TRY IT: Don't include any picture when you restate the data word for word.

DATA:

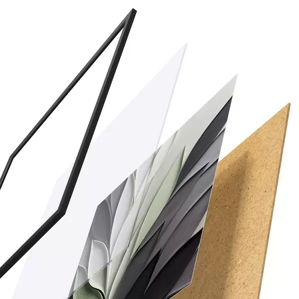 De poster bestaat uit een frame, plexiglas, geprinte afbeelding en spaanplaat achterkant. De poster kan meteen aan de muur worden gehangen dankzij de bevestigingen op de achterkant.
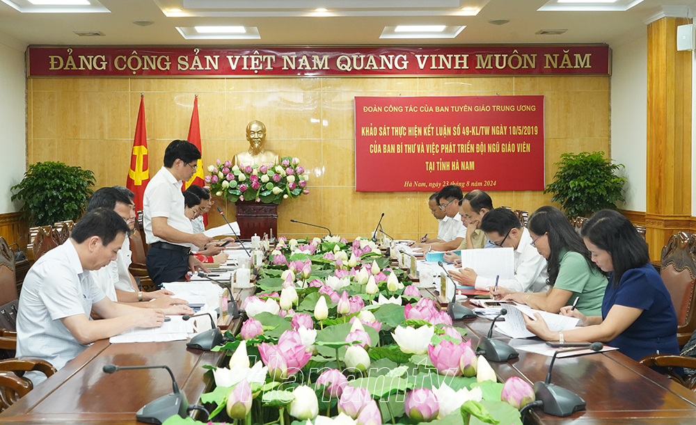 Chiều ngày 23/8, Đoàn công tác của Ban Tuyên giáo Trung ương do đồng chí Lê Mạnh Hùng, Phó Chủ tịch kiêm Tổng thư ký Hội khuyến học Việt Nam làm trưởng đoàn đã làm việc với tỉnh Hà Nam về khảo sát thực hiện Kết luận số 49-KL/TW ngày 10/5/2019 của Ban Bí thư Trung ương Đảng (khóa XII) về tiếp tục thực hiện Chỉ thị số 11-CT/TW của Bộ Chính trị “Về tăng cường sự lãnh đạo của Đảng đối với công tác khuyến học, khuyến tài, xây dựng xã hội học tập”. Tiếp và làm việc với đoàn có các đồng chí: Đinh Thị Lụa, Phó Bí thư Thường trực Tỉnh ủy; Đặng Thanh Sơn, Ủy viên Ban Thường vụ Tỉnh ủy, Phó Chủ tịch Thường trực HĐND tỉnh, lãnh đạo Ban Tuyên giáo Tỉnh ủy, lãnh đạo các sở, ban, ngành liên quan.
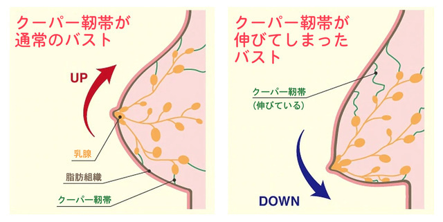 しかし、クーパ-靭帯はとてもデリケート。日常の動きや刺激によって伸びたり切れたりしてしまいます。 しかも一度切れてしまうと、元の状態に戻すことは不可能です。 クーパ-靭帯が伸びればバストも垂れ下がってしまうため、美しいバストを保つには意識すべきポイントとなります。

TASK RESPONSE:
 De poster bestaat uit een frame, plexiglas, geprinte afbeelding en spaanplaat achterkant. De poster kan meteen aan de muur worden gehangen dankzij de bevestigingen op de achterkant.
 Chiều ngày 23/8, Đoàn công tác của Ban Tuyên giáo Trung ương do đồng chí Lê Mạnh Hùng, Phó Chủ tịch kiêm Tổng thư ký Hội khuyến học Việt Nam làm trưởng đoàn đã làm việc với tỉnh Hà Nam về khảo sát thực hiện Kết luận số 49-KL/TW ngày 10/5/2019 của Ban Bí thư Trung ương Đảng (khóa XII) về tiếp tục thực hiện Chỉ thị số 11-CT/TW của Bộ Chính trị “Về tăng cường sự lãnh đạo của Đảng đối với công tác khuyến học, khuyến tài, xây dựng xã hội học tập”. Tiếp và làm việc với đoàn có các đồng chí: Đinh Thị Lụa, Phó Bí thư Thường trực Tỉnh ủy; Đặng Thanh Sơn, Ủy viên Ban Thường vụ Tỉnh ủy, Phó Chủ tịch Thường trực HĐND tỉnh, lãnh đạo Ban Tuyên giáo Tỉnh ủy, lãnh đạo các sở, ban, ngành liên quan.
 しかし、クーパ-靭帯はとてもデリケート。日常の動きや刺激によって伸びたり切れたりしてしまいます。 しかも一度切れてしまうと、元の状態に戻すことは不可能です。 クーパ-靭帯が伸びればバストも垂れ下がってしまうため、美しいバストを保つには意識すべきポイントとなります。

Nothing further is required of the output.